Após fortes oscilações, Ibovespa fecha em alta de 2,15% com destaque para Petrobras

MERCADO


Bolsa
Após um dia de forte volatilidade, oscilando entre queda de 7,78% e alta de 4,75% o Ibovespa fechou com valorização de 2,15% aos 68.332 pontos, acompanhando o comportamento das bolsas americanas. O giro financeiro foi de R$ 34,5 bilhões. Em dia de agenda esvaziada destaque nos EUA para o indicador de Vendas de casas já existentes de fevereiro. O Senado Federal pretende votar decreto de calamidade pública encaminhado pelo governo federal nesta sexta-feira, segundo a agência Senado Notícias. Ao mesmo tempo, no documento, atualizado a cada dois meses na entrega ao Congresso, o governo deve reduzir para 0,50% sua projeção para o PIB deste ano. Bolsas no mundo sobem, petróleo em alta, assim como os futuros americanos. Nesse cenário, esperamos um dia positivo.

Câmbio
Mesmo num mercado volátil o exterior trouxe algum alívio após o Fed anunciar linhas de swaps em dólar com mais nove bancos centrais, incluindo o brasileiro, repetindo medida adotada na crise de 2008. O dólar subiu na abertura, desacelerou, e no final, fechou com queda de 0,28% a R$ 5,0947, com a ajuda também de um novo leilão de moeda à vista feito pelo BC.

Juros
No final do dia de ontem, com os mercados mais calmos e operando em campo positivo, os juros futuros no curto prazo caíram em resposta ao corte de 0,50pp da Selic pelo Copom para 3,75% interpretada por parte do mercado como “tímida”. Já os longos subiram, com a adição de prêmios de riscos devido ao cenário global com Covid-19 e o receio fiscal doméstico. Ao final da sessão regular o DI Janeiro 21 caía 1,5 pontos para 3,985% enquanto o DI Janeiro 23 subia 7 pontos para 7,1%.


ANÁLISE DE SETORES E EMPRESAS

Copasa (CSMG3)
Lucro de R$ 255 milhões no 4T19, acima do esperado

A Companhia de Saneamento Básico de Minas Gerais (Copasa) registrou no 4T19 um lucro líquido de R$ 255,3 milhões, 43% superior ao lucro de R$ 178,0 milhões do 4T18, e acima das nossas projeções com destaque para o aumento de preços em função do reajuste médio autorizado; o melhor resultado financeiro e notadamente o resultado operacional, que no conjunto, compensaram a queda dos volumes comercializados no trimestre.
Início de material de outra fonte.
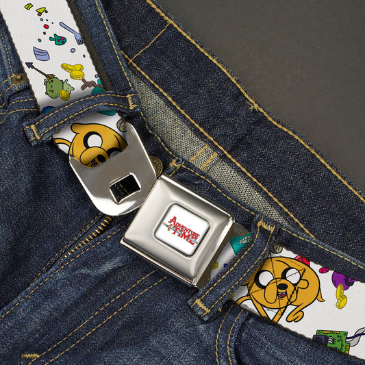 ADVENTURE TIME Title Logo Full Color White Seatbelt Belt - Adventure Time Jake and Finn Open Pack Pose White Webbing
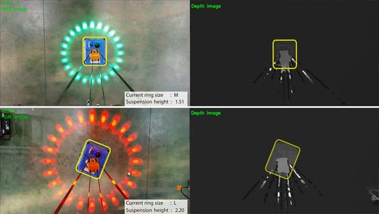 「クレーン作業安全支援システム」は、点円環型光パターン形成LED照明「ホロライト・ドットリング」と「AIカメラ・センシング技術」を組み合わせた、天井クレーン向けの安全対策製品です。今回、ホロライト・ドットリングが形成する円環の大きさを可変できる点円環切替型光パターン形成LED照明「ホロライト・ドットリング・スイッチ」を開発しました。本装置は、外部制御信号によって円環の大きさを小(S型)、中(M型)、大(L型)の3種類に切り替えることができ、さらに 青・緑・赤 の照明色を選択できます。また、AIカメラを活用して吊荷の大きさと高さ情報をセンシングすることで、退避距離を示す円環の大きさをリアルタイムに切り替えできます。これにより、異なるサイズの吊荷を扱う環境でも適切な退避距離を明示でき、安全性の向上と作業効率の改善が期待されます。

No acumulado de 2019 o lucro líquido cresceu 30% em relação a 2018 somando R$ 754,4 milhões. Seguimos com recomendação de COMPRA e Preço Justo de R$ 85,00/ação (potencial de alta de 123%). Ao preço de R$ 38,09/ação (valor de mercado de R$ 4,8 bilhões) a ação CSMG3 registra queda de 44,0% este ano. Os múltiplos para 2020 apontam para um P/L de 5,0x e VE/EBITDA de 5,1x.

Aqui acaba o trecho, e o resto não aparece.